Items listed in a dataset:
====================
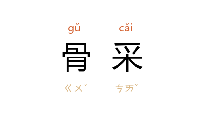 引南朝 梁 刘勰 《文心雕龙·章表》:“章以造闕,风矩应明;表以致禁,骨采宜耀。”南朝 梁 刘勰 《文心雕龙·风骨》:“若骨采未圆,风辞未练,而跨略旧规,驰騖新作,虽获巧意,危败亦多。”
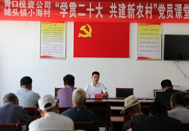 為推動(dòng)黨的二十大精神在鄉(xiāng)村落地生根,6月28日上午,青口投資公司、城頭鎮(zhèn)小海村聯(lián)合開(kāi)展“學(xué)貫二十大 共建新農(nóng)村”黨員課堂,由公司機(jī)關(guān)優(yōu)秀黨務(wù)干部組成的二十大精神宣講隊(duì),走進(jìn)結(jié)對(duì)共建的贛榆區(qū)城頭鎮(zhèn)小海村開(kāi)展集中式、通俗化宣講。公司黨委副書(shū)記、工會(huì)主席梁永,城頭鎮(zhèn)副鎮(zhèn)長(zhǎng)王延光,城頭鎮(zhèn)小海村支部書(shū)記徐坤參加活動(dòng)。
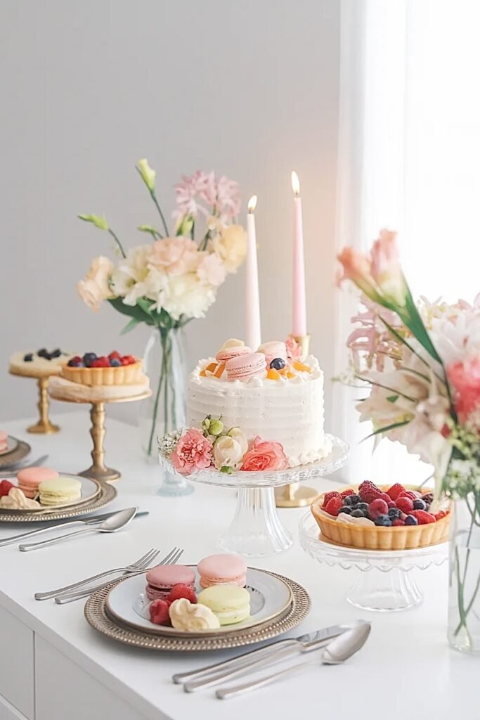 Flowers on a brunch dessert table enhance the pastry display, not compete with it. One small arrangement at each end, center clear for the birthday cake.
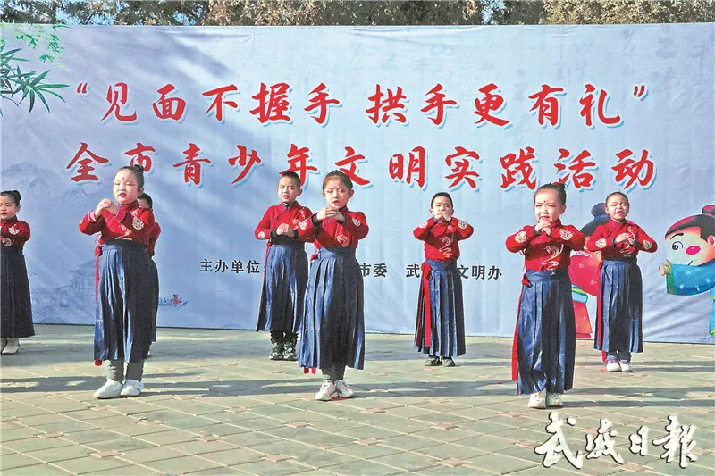 大力推广普及“拱手礼”,开展“行拱手礼·做文明人·创文明城”新时代文明实践主题活动,以务实举措倡导文明健康的社交方式,彰显凉州文化深厚内涵、提升武威文明城市形象。
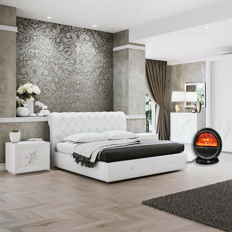 Termoventilatore elettrico da terra con fiamma finta e vetro temperato da 1500 W
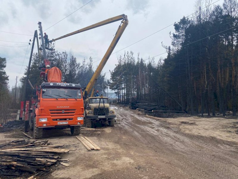 В пострадавшем от сильных пожаров свердловском поселке Сосьва на аварийно-восстановительных работах трудятся почти 30 энергетиков «Россети Урал», а также 10 единиц техники.
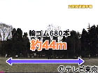 輪ゴム1本の長さは約6.5cm。680本つなぐと、伸ばさない状態で約44mになる。
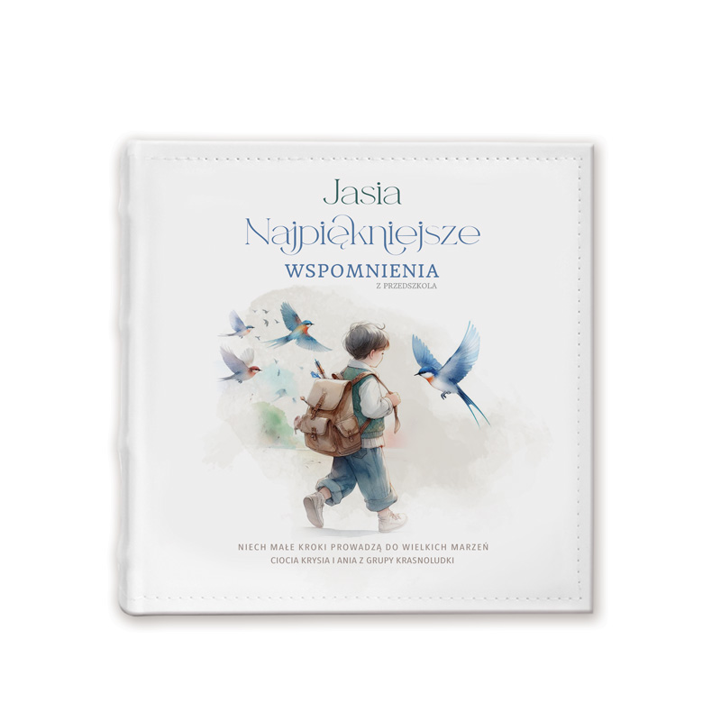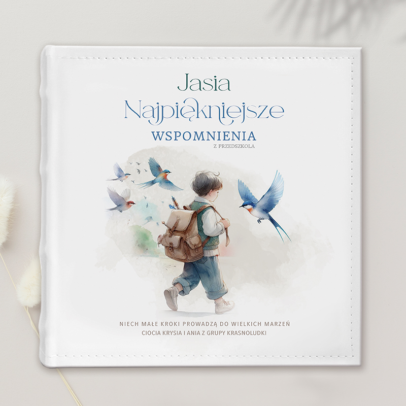 Personalizowany album kieszeniowy to wyjątkowy upominek dla przedszkolaka, który w piękny sposób pozwala zachować wspomnienia z pierwszych lat edukacji. To doskonały upominek od wychowawców, nauczycieli, rodziców czy dziadków, którzy chcą podkreślić wagę tego szczególnego momentu w życiu dziecka. Okładka albumu przedstawia chłopca z plecakiem w otoczeniu lecących ptaków, co symbolizuje początek nowej drogi, otwartość na świat i marzenia, które dopiero zaczynają się spełniać. Delikatna, pastelowa kolorystyka nadaje całości elegancki i ponadczasowy charakter. Dzięki personalizacji album staje się unikalną pamiątką, odzwierciedlającą indywidualny przekaz i wyjątkowe znaczenie chwili.
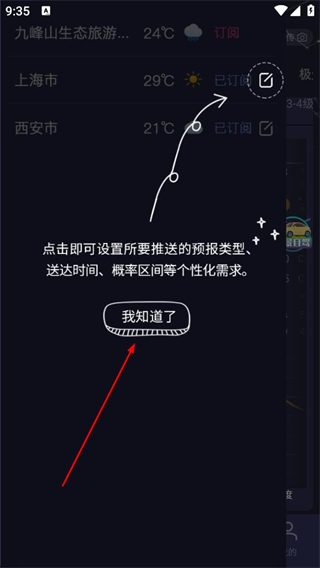 2、在城市天氣頁面查看已訂閱城市的天氣信息,點擊提示彈窗的我知道了,可設置預報推送的類型時間頻率等個性化需求。
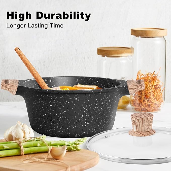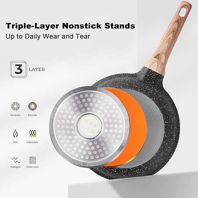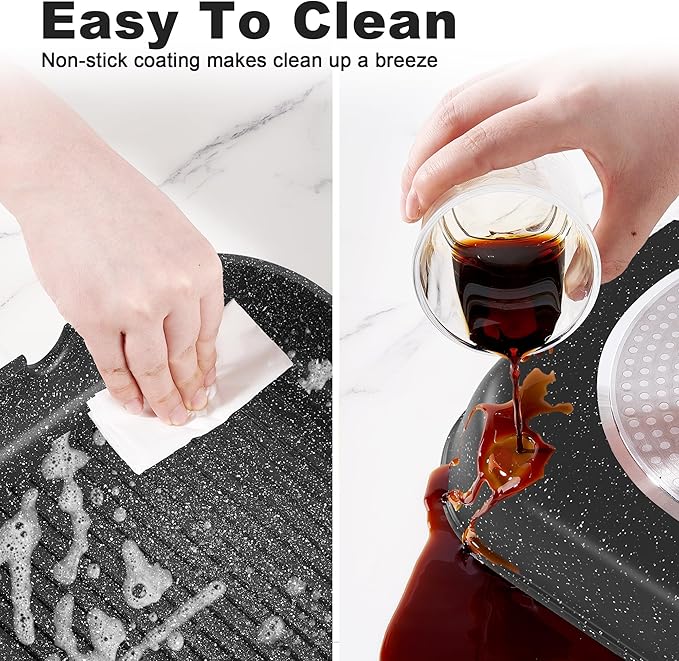 • Caannasweis Granite Non-stick Coating: When you embark on the journey of buying cookware, the non-stick ability is a crucial factor that simply can't be overlooked. Non-stick isn't just a minor convenience; it's a game-changer that completely transforms the way we cook. Gone are the days when you had to struggle with a spatula to pry the food off the pan's surface. Instead, the food will effortlessly glide across the surface and be cooked to a perfect color.
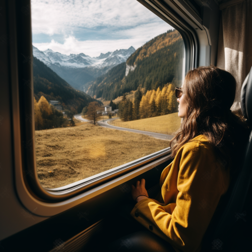 Cinematic and symmetrical beautiful shot of female traveler, travel blogger and inspired adventurer hang out of train window, look at amazing landscape of autumn mountains
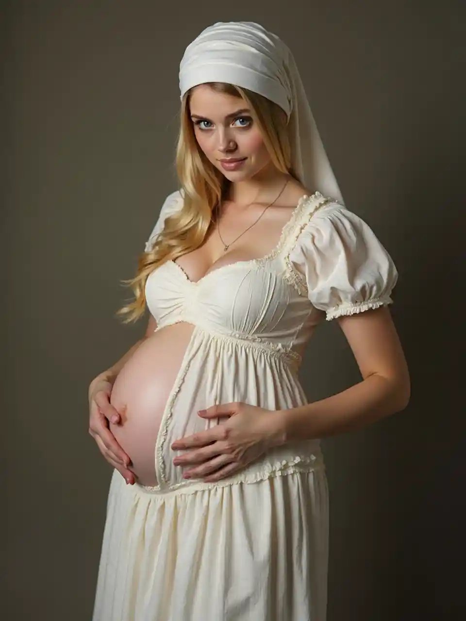JocelynYoung Milkmaid. Heavily pregnant. Blonde . Gigantic belly. White headscarf
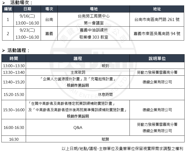 勞動部勞動力發展署雲嘉南分署 114年度補助事業單位辦理在職訓練計畫 結案核銷說明會 為使事業單位瞭解相關計畫之核銷作業及流程,勞動部勞動力發展署雲嘉南分署規劃2場次結案核銷說明會,針對請款方式及核銷注意事項將有詳盡解說,歡迎各事業單位踴躍報名參加,讓您在核銷作業上更得心應手!
====================
Problem:
Which lines run from the one containing "JocelynYoung Milkmaid. Heavily" to the end of the entries above? Write them out exactly, leaving out every picture.

Output for this exercise:
JocelynYoung Milkmaid. Heavily pregnant. Blonde . Gigantic belly. White headscarf
 勞動部勞動力發展署雲嘉南分署 114年度補助事業單位辦理在職訓練計畫 結案核銷說明會 為使事業單位瞭解相關計畫之核銷作業及流程,勞動部勞動力發展署雲嘉南分署規劃2場次結案核銷說明會,針對請款方式及核銷注意事項將有詳盡解說,歡迎各事業單位踴躍報名參加,讓您在核銷作業上更得心應手!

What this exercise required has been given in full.